Home / News / Integrate vLLM inference on macOS/iOS with Alamofire and Apple Foundation

Integrate vLLM inference on macOS/iOS with Alamofire and Apple Foundation

Welcome back to our series on using vLLM inference within macOS and iOS applications. This post focuses on demonstrating how to establish communication with vLLM using Apple Foundation technology and the Alamofire open source project for low-level HTTP interactions. Communication with the vLLM server is facilitated via an OpenAI-compatible Chat Completions endpoint.

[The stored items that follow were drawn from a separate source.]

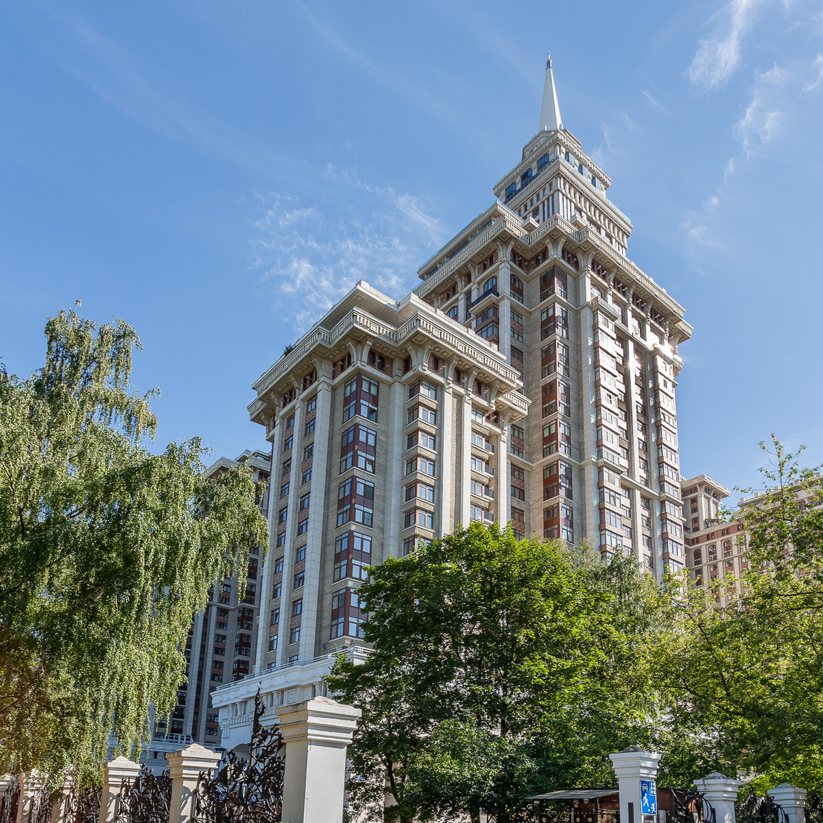 ЖК Новая Звезда — дом бизнес-класса на 120 квартир по адресу Расплетина, 14 в районе Щукино. Величественный классический силуэт оформлен кирпичом терракотового оттенка и украшен объемными карнизами, пилястрами и изящными коваными ограждениями. На закрытой территории оборудована детская площадка, организована вместительная парковка для жильцов, высажены взрослые ели и пышные кустарники — внутренний двор тихий и уютный.
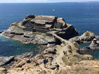 Une fois débarrassé de ma charge de mulet, je pris la route de la côte pour aller voir de près deux forts que l’on m’avait conseillés. Le sentier bien balisé me mena jusqu’à la pointe des Capucins. Imaginez un fort planté sur un rocher relié par un pont étroit au rivage, des ruines inquiétantes qui lui donnent un air de château hanté . Ce décor a tout pour séduire un cinéaste , ou devenir le terrain de jeu de Lara Croft dans Tomb Raider. Je laissais quelques touristes aventureux descendre une pente ultra raide et mal pavée jusqu’à l’édifice et poursuivais ma rando jusqu’à la Pointe de Cornouaille et sa forteresse. Le site en contre-bas est en cul-de-sac et oblige le visiteur à descendre et gravir près de 200 marches. Sympa avec déjà 22 km dans les jambes depuis le matin ! Le circuit des forteresses se conclut généralement par la Pointe des Espagnols et sa vue imprenable sur Brest. Sans moi ! Je rentrais au camping par les terres et réservais un table à la crêperie de Roscanvel. La nuit fut polaire et je réveillais les tentes voisines dans un concert d’éternuements irrépressibles. Une gentille crève en plein mois d’août, en rando et en camping .. Pas mal .
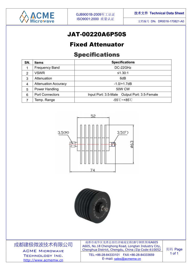 JAT-00220A6P50S_Fixed AttenuatorRelease date:(2018-8-13) Number of clicks:593 |
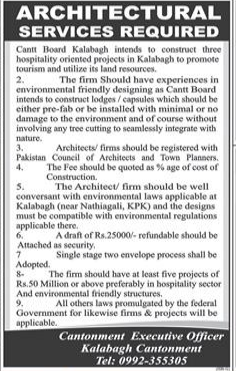 Job in Cantt Board Kalabagh Position Vacant for architect
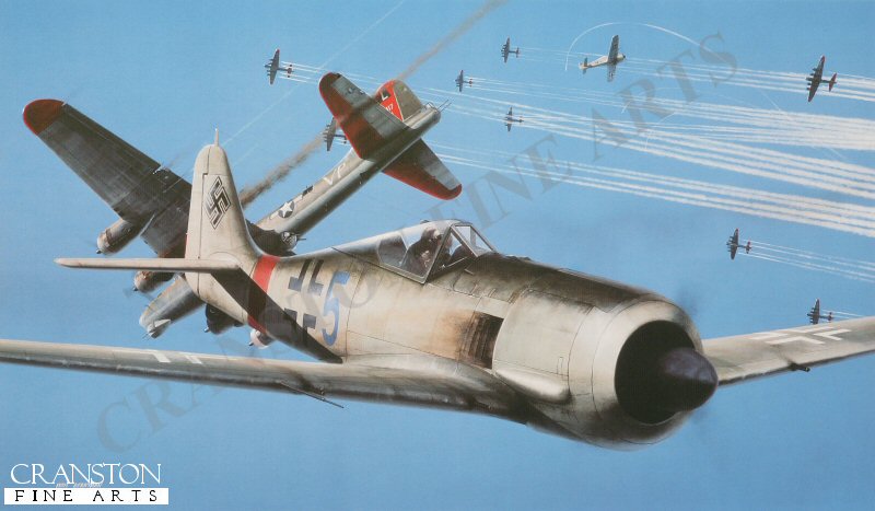 It was in 1941 that the remarkable Focke-Wulfe FW190 first appeared in the skies of Europe, quickly establishing itself as a most formidable adversary. It proved to be the supreme weapon against all allied bomber forces. Here FW190A-8 of 1 Gruppe, Jagdgeschwader 1 is shown attacking a B17G of 381st Bomb Group during a critical defence of the Reich in 1944.
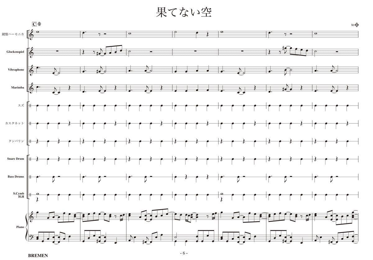 主な使用楽器:鍵盤ハーモニカ、グロッケン、ビブラフォン、マリンバ、スズ、カスタネット、タンバリン、スネアドラム(小太鼓)、バスドラム(大太鼓)、スタンドシンバル、ピアノ
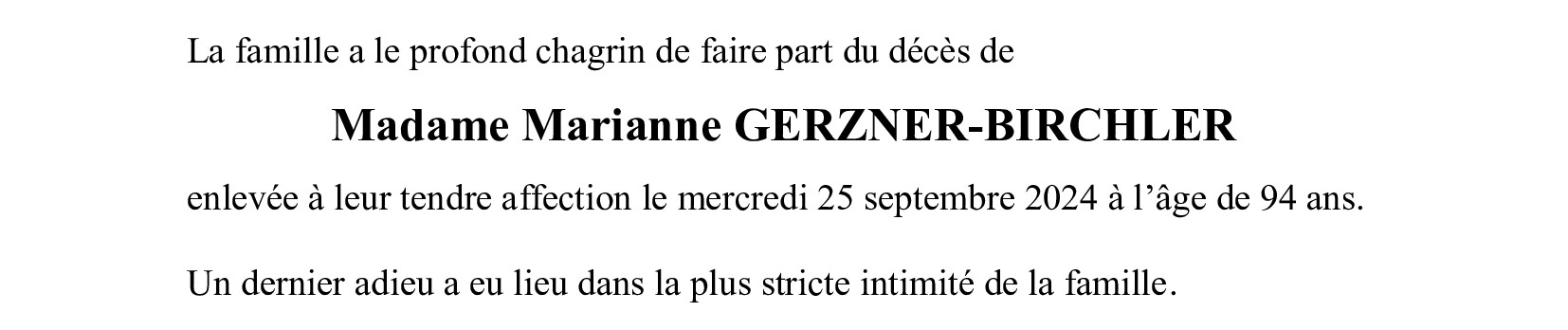 Madame Marianne GERZNER-BIRCHLER
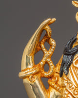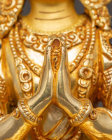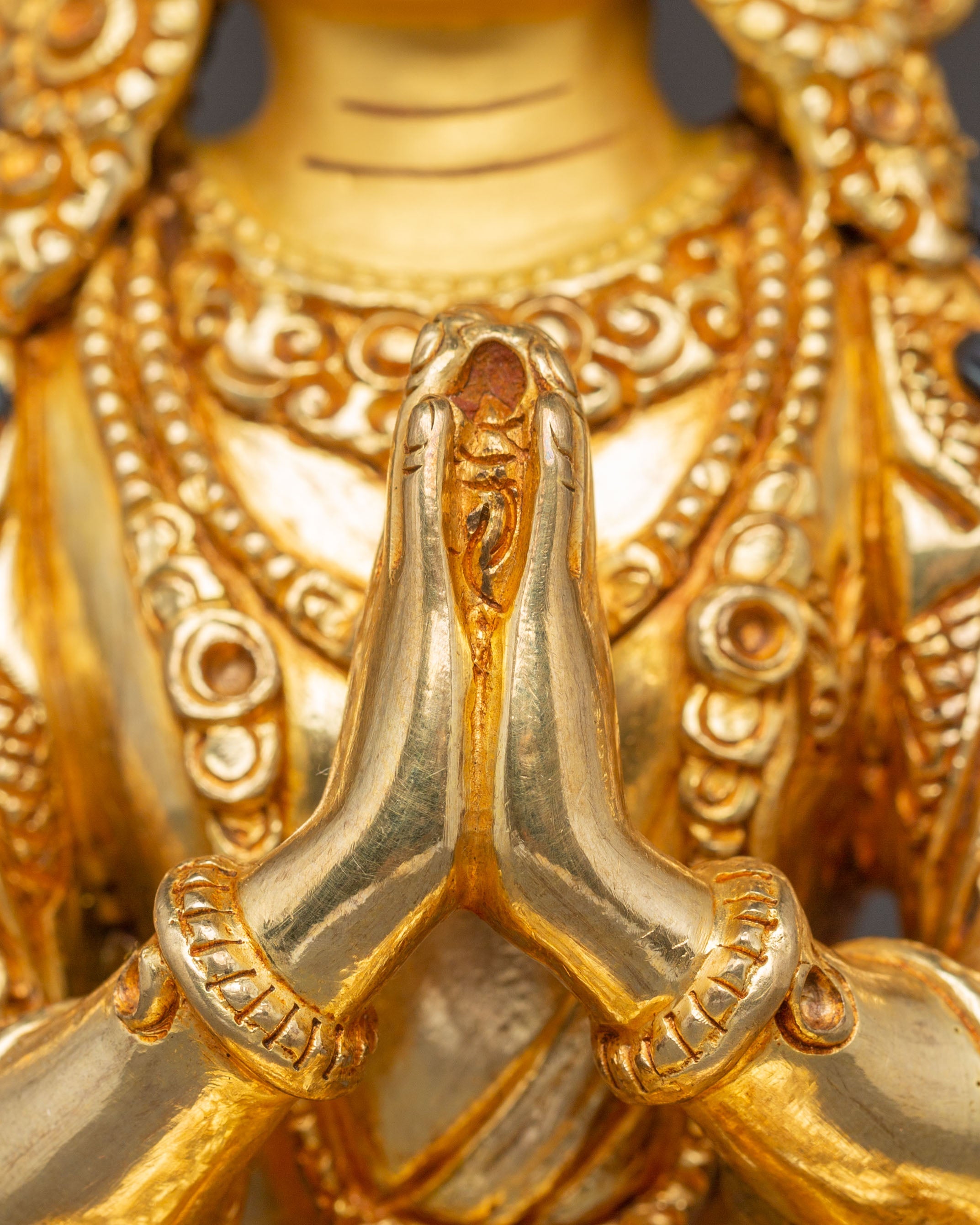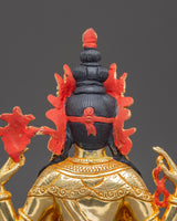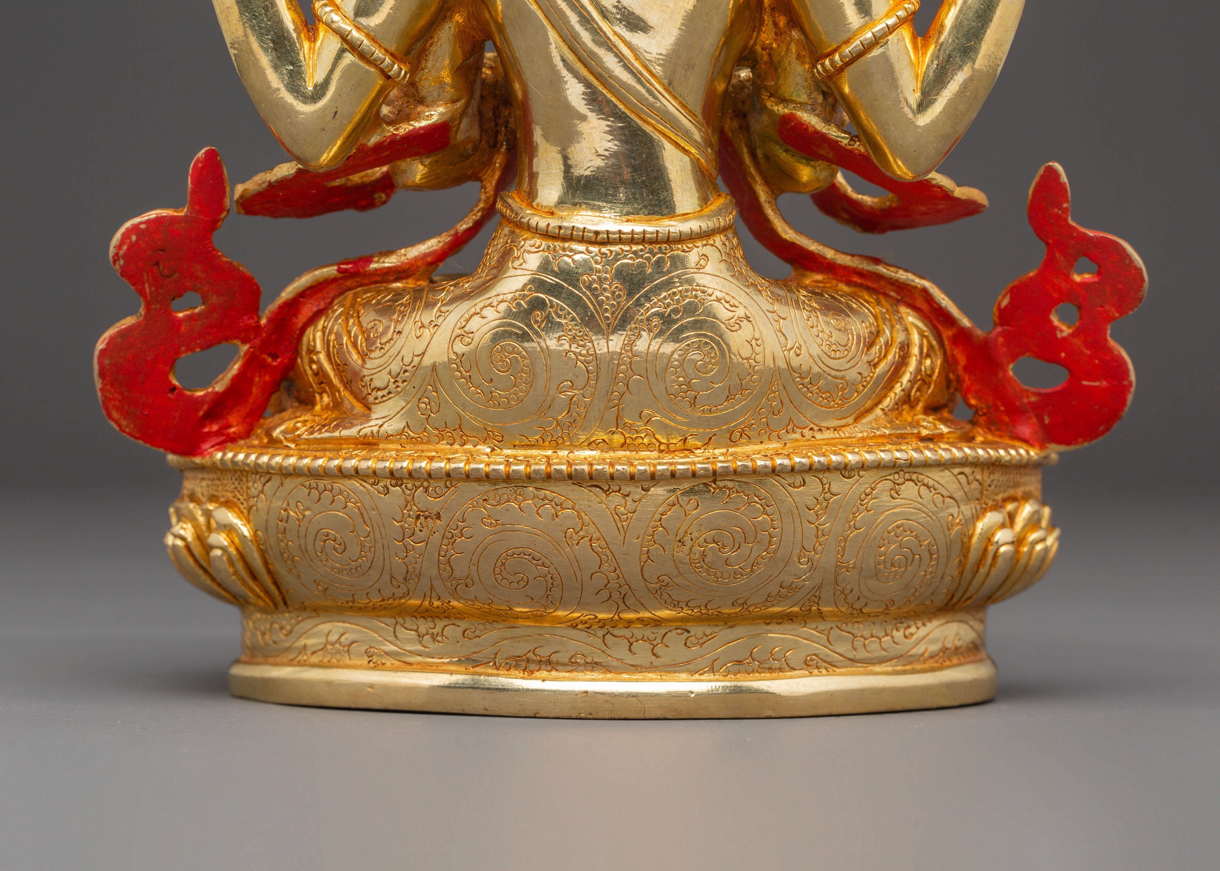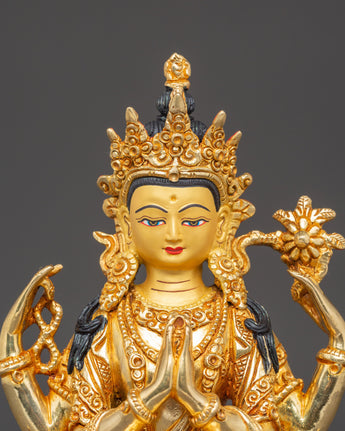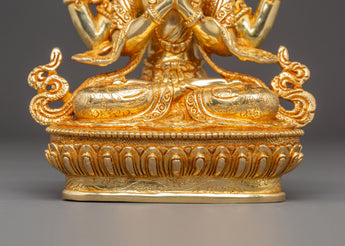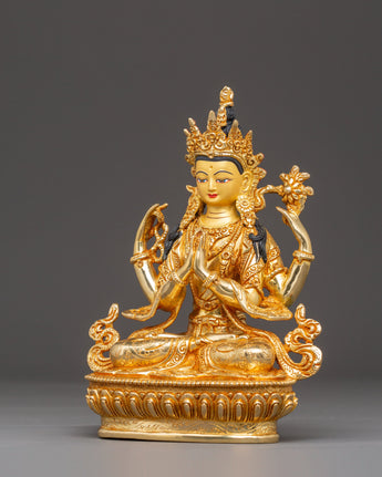 The handcrafted statue of Four-Armed Chenrezig, measuring 6.3”/16cm in height and 4.7”/12cm at the base, is made from copper and adorned with 24K gold gilding and gold and acrylic paintings. The statue reflects the essence of Chenrezig, the Bodhisattva of Compassion, with intricate craftsmanship that highlights his serene expression and symbolic posture. Weighing 1.46 kg, it serves as a powerful symbol of compassion and is ideal for personal altars, meditation spaces, or spiritual collections.
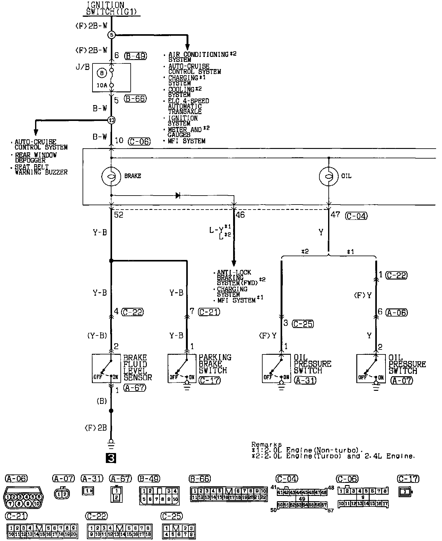 Brake, Oil Pressure And Low Fuel Level Warning Light Circuit (Part 1 Of 2):

Why use OpenAI to communicate with vLLM?

The OpenAI API specification, stewarded by OpenAI (the creators of ChatGPT and earlier GPT models), establishes a RESTful standard for interaction with inference servers. Its official documentation definitively defines endpoints, request/response formats, and the overall interaction architecture.

In a previous article, I showed how to use SwiftOpenAI and MacPaw/OpenAI open source projects to communicate with a vLLM OpenAI-compatible endpoint . Those projects abstracted away the intricacies of the underlying OpenAI REST calls, allowing me to focus solely on their provided communication abstractions and error handling.

This article, however, will delve into the complete code required for an HTTP REST call without an abstraction layer. It covers:

  • Data encoding for structuring the HTTP REST call
  • Handling network, HTTP, and OpenAI errors
  • Processing HTTP streaming results via server-sent events (SSE)
  • Decoding HTTP response data for application use.

The OpenAI API documentation is invaluable

Having to independently determine how to invoke vLLM via its provided OpenAI-compatible endpoints, I prioritized a thorough review of the OpenAI API documentation. My immediate focus was the chat completions API endpoint, leading me directly to that specific section of the OpenAI documentation.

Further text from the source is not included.